Two political scientists, professors Erik Bleich and Maurits van der Veen, “conclusively” found that coverage of Muslims is “overwhelmingly” more negative on average in comparison to other ethnic groups after analyzing over 784,000 newspaper articles published over 21 years.
The professors looked at 256,000 articles from the United States and 528,000 British, Canadian and Australian publications from 1996 to 2016 before reaching the conclusion.
In other words, the research found that Muslims are “systematically” misrepresented more than others in the Western press, which in turn leads to anti-Muslim sentiment detrimentally affecting Muslims in Western countries.
The academics’ findings were reported on conversation.com in an article penned by the authors.
“Our central finding is that the average article mentioning Muslims or Islam in the United States is more negative than 84% of articles in our random sample. This means that one would likely have to read six articles in U.S. newspapers to find even one that was as negative as the average article touching on Muslims,” the academics wrote.

They found in the U.S. that articles mentioning Muslims were more likely to be negative compared to Catholics, Jews, Hindus or any other group. “The proportion of positive and negative articles was close to 50-50 (Catholics, Jews and Hindus). By contrast, 80% of all articles related to Muslims were negative,” they found.
The authors were “struck” by the divergence between how negatively Muslims are depicted by the mainstream media compared to other religions. “Our work shows that the media are not prone to publishing negative stories when they write about other minority religions, but they are very likely to do so when they write about Muslims,” they explained.
The study collected and analyzed articles from U.S., U.K, Australian and Canadian newspapers related to not only Muslims but also Catholics, Jews and Hindus, and made various comparisons of how the religions were represented in the articles based on religion and country.
Providing a concrete example of Islamophobic bias in a typical newspaper article about Muslims, the authors gave the following example: “Consider the following sentence that has the tone of the average Muslim article: ‘The Russian was made to believe by undercover agents that the radioactive material was to be delivered to a Muslim organization.’ This contains two highly negative words (‘undercover’ and ‘radioactive’) and implies that the ‘Muslim organization’ has nefarious goals.”
After the U.S., the authors then compared newspaper articles published in other Anglosphere Western countries – Australia, Canada and the U.K. – analyzing 528,444 articles and “found that the proportion of negative to positive articles in these countries was almost exactly the same as that in the United States.” They found that the percentage of newspaper articles mentioning the Muslim faith that are negative in the U.S., U.K., Canada and Australia are nearly the same, at 80%, 79%, 79% and 77% respectively.
Overall, they found an “overwhelmingly negative coverage” of Muslims in the U.S. U.K., Canada and Australia.

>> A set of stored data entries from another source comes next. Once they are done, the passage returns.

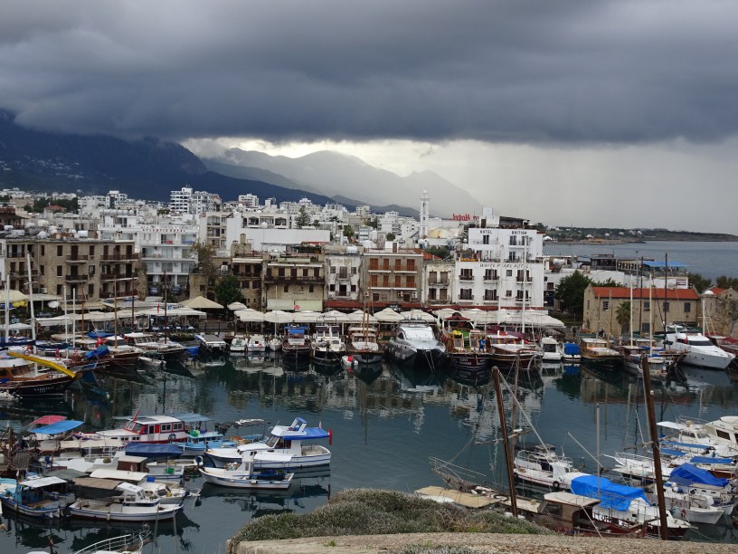 Poate cea mai frumoasă priveliște din Cipru: portul venețian din Kyrenia. Norii de furtună care se apropiau fac parcă imaginea și mai frumoasă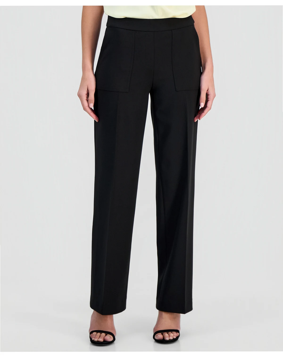 Modern ease defines these Anne Klein petite wide-leg pants, styled with a mid-rise fit and pull-on style that supports all-day comfort. Full-length proportions and four functional pockets add practicality while preserving a relaxed, polished look.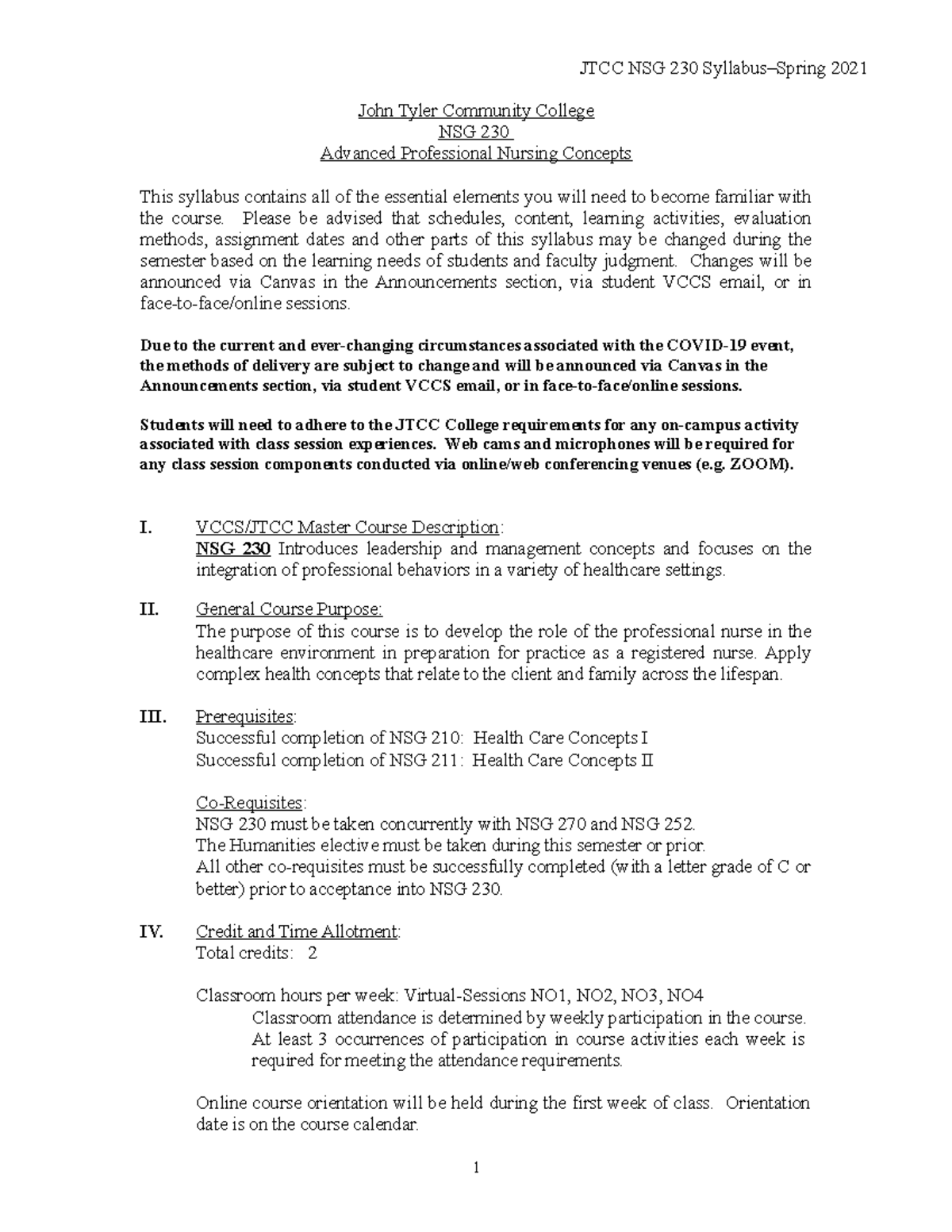 Spring 2021 NSG 230Syllabus Final edit1 John Tyler Community College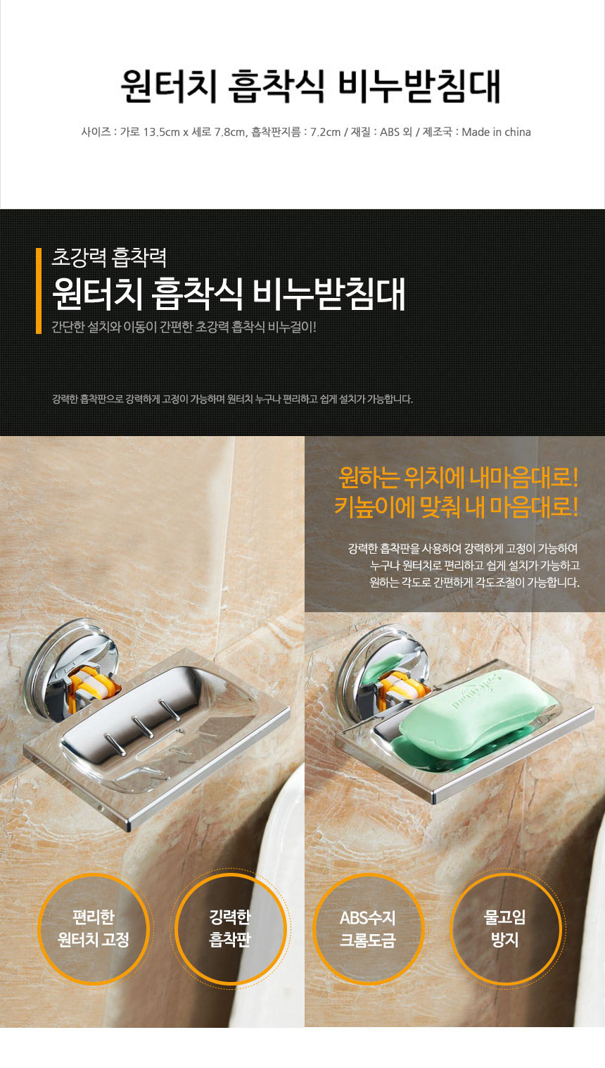 [와인앤쿡]욕실 비누 거치대 세면대 흡착식 감성 비누받침대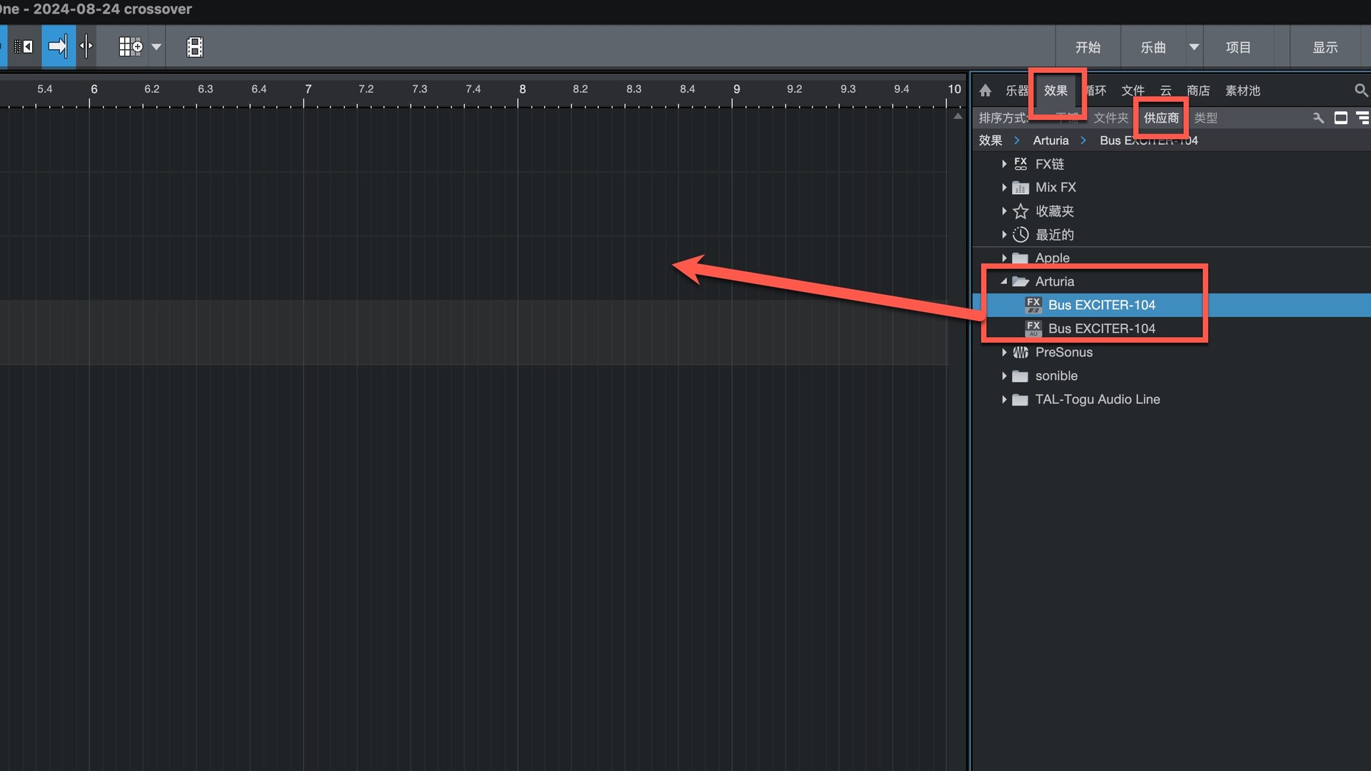 打开Studio One在效果-供应商下即可找到插件,拖动到左侧即可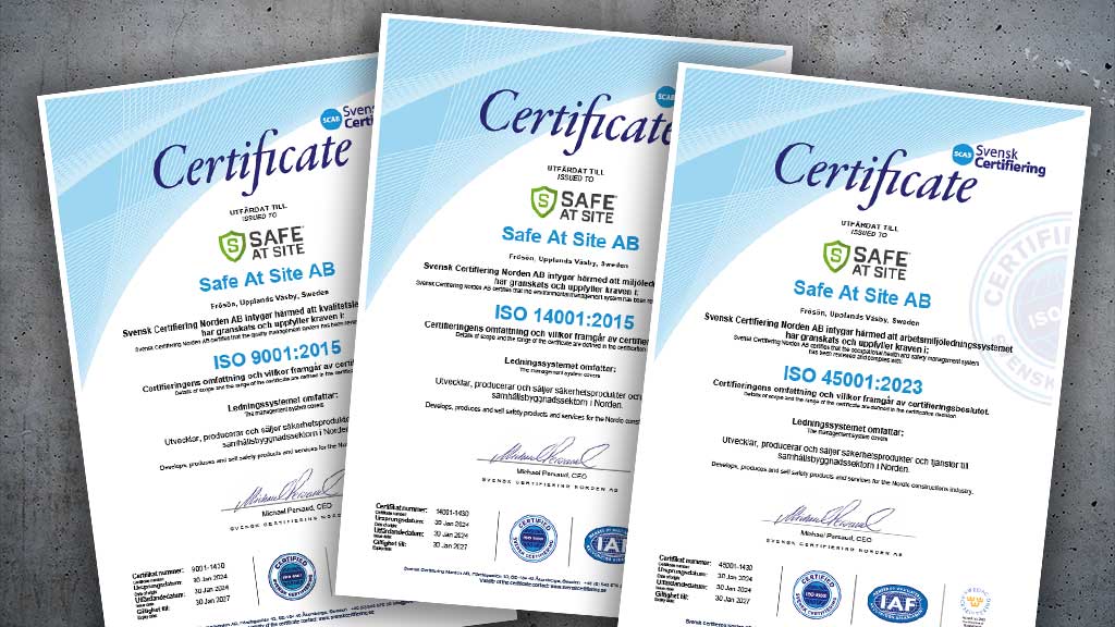 Nu kan vi stolta meddela att vi är certifierade i kvalitet, miljö och arbetsmiljöarbete enligt ISO 9001, ISO 45001 och ISO 14001. Ett kvalitetsledningssystem enligt ISO 9001 säkerställer att vi på ett strukturerat och effektivt sätt jobbar med ständiga förbättringar i våra processer. Med standarden ISO 14001 jobbar vi kontinuerligt med att övervaka miljöaspekter och minimera vår miljöpåverkan i hela organisationens kedja. Vi arbetar även med ett ledningssystem för arbetsmiljö enligt ISO 45001 för att det är en självklarhet att alla på arbetsplatsen ska vara trygga, vara delaktiga i arbetsmiljöarbetet och ha kul på jobbet!

The study authors drew a link between negative coverage and harm to Muslims, referencing the results of previous studies. “Other studies that looked at the impact of negative information about Muslims also found an increase in support for policies that harm Muslims, such as secret surveillance of Muslim Americans or the use of drone attacks in Muslim countries,” they found.

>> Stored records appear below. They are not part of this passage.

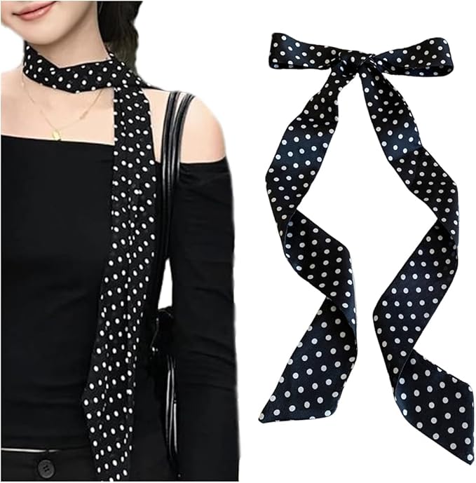 FASELE スカーフ チョーカー ヘッドスカーフ ヘアバンド ヘッドバンド 長め 細め ヘアタイ ドット柄 リボン ヘアタイ 多用途 ヘアアクセサリー ネクタイ 飾り小物 ベルト 帽子飾り おしゃれ 日常 通勤 プレゼント 贈り物 | etshop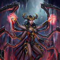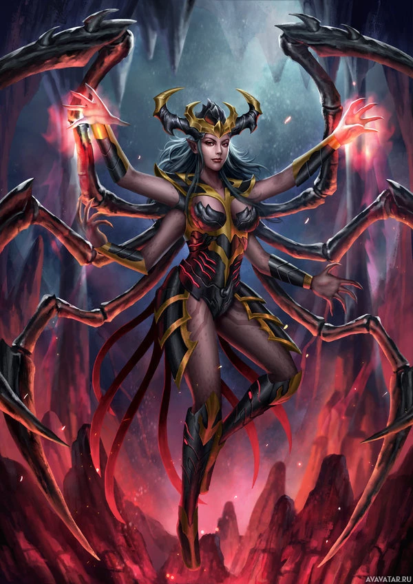 a female warrior or goddess with multiple arms. She is wearing armor and has several spikes protruding from her back. Her attire is intricate and ornate, suggesting a high status or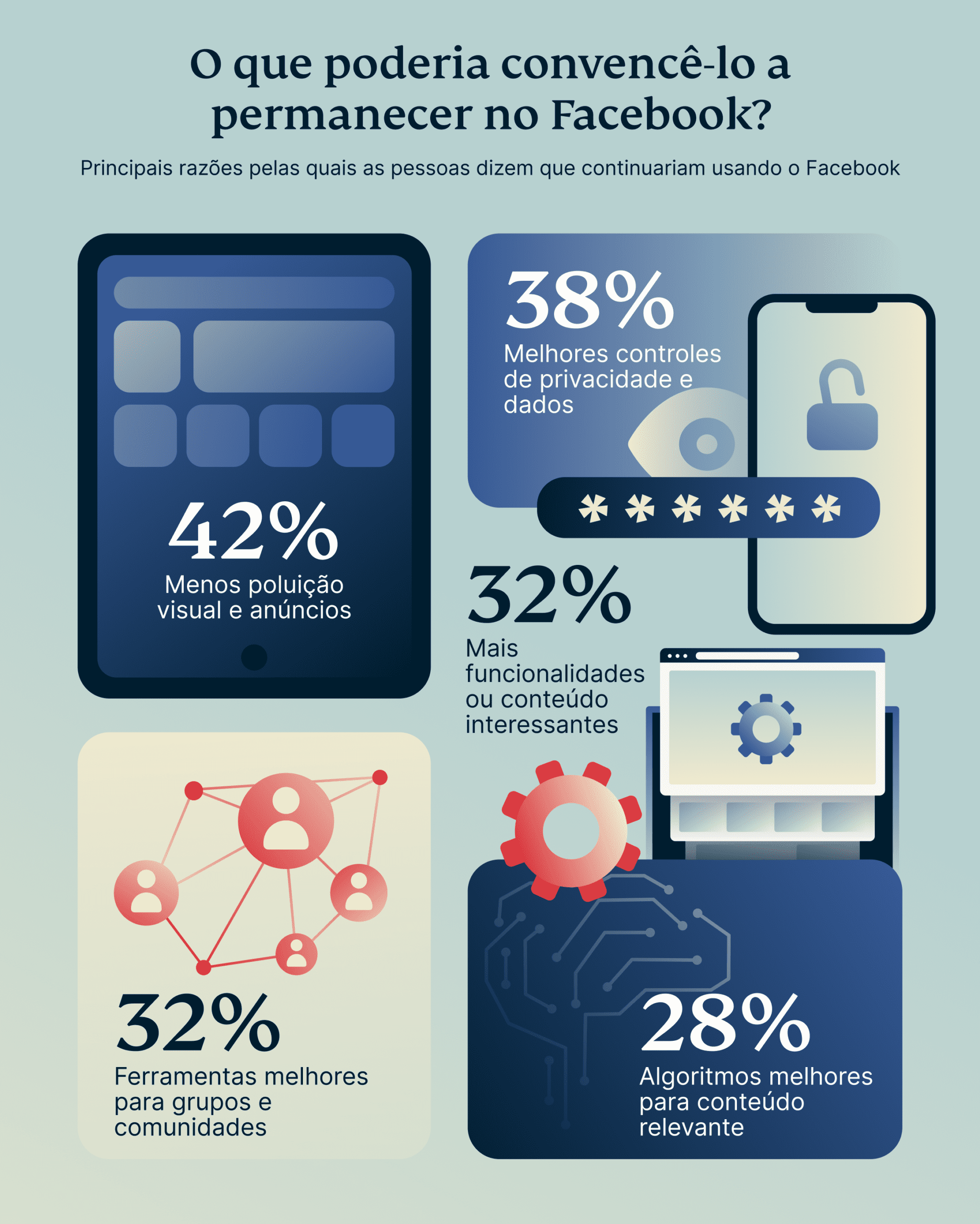 Para os usuários de 25 a 34 anos, o Facebook parece cada vez mais ultrapassado. Metade (50%) prefere outras plataformas e 29% dizem que não precisam mais do Facebook. Diferente dos usuários mais jovens da Geração Z, as preocupações com privacidade têm um peso maior para esse grupo, com 19% citando-as como um fator-chave. No entanto, os principais motivos para o afastamento permanecem os mesmos: 33% apontam a redução da atividade de seu círculo social e 29% afirmam que anúncios irrelevantes e excesso de conteúdo publicitário os desmotivam a continuar usando a plataforma.

The authors drew a recent real-world comparison mentioning the warm welcome Americans and Europeans gave the Ukrainians in 2022 that contrasts with the irregular and hostile policies toward Syrian refugees in the 2010s.
The authors believe that acknowledging and then addressing “the systemic negativity” of media coverage of Muslims and Islam is “vital” to combat the “widespread stigmatization” of Muslims.
The authors also called to “create opportunities for more humane policies that are fair to everyone regardless of their faith.”
Given the rapid increase in Islamophobic attacks in most Western countries in the past few years, and the important role of the media fuelling anti-Semitism before and during the Holocaust, the authors' concerns and advice, based on extremely strong evidence, should be urgently acted upon. This is important because the clear trajectory of the Islamophobic trend is moving further vilification and violence against Muslims living in the West.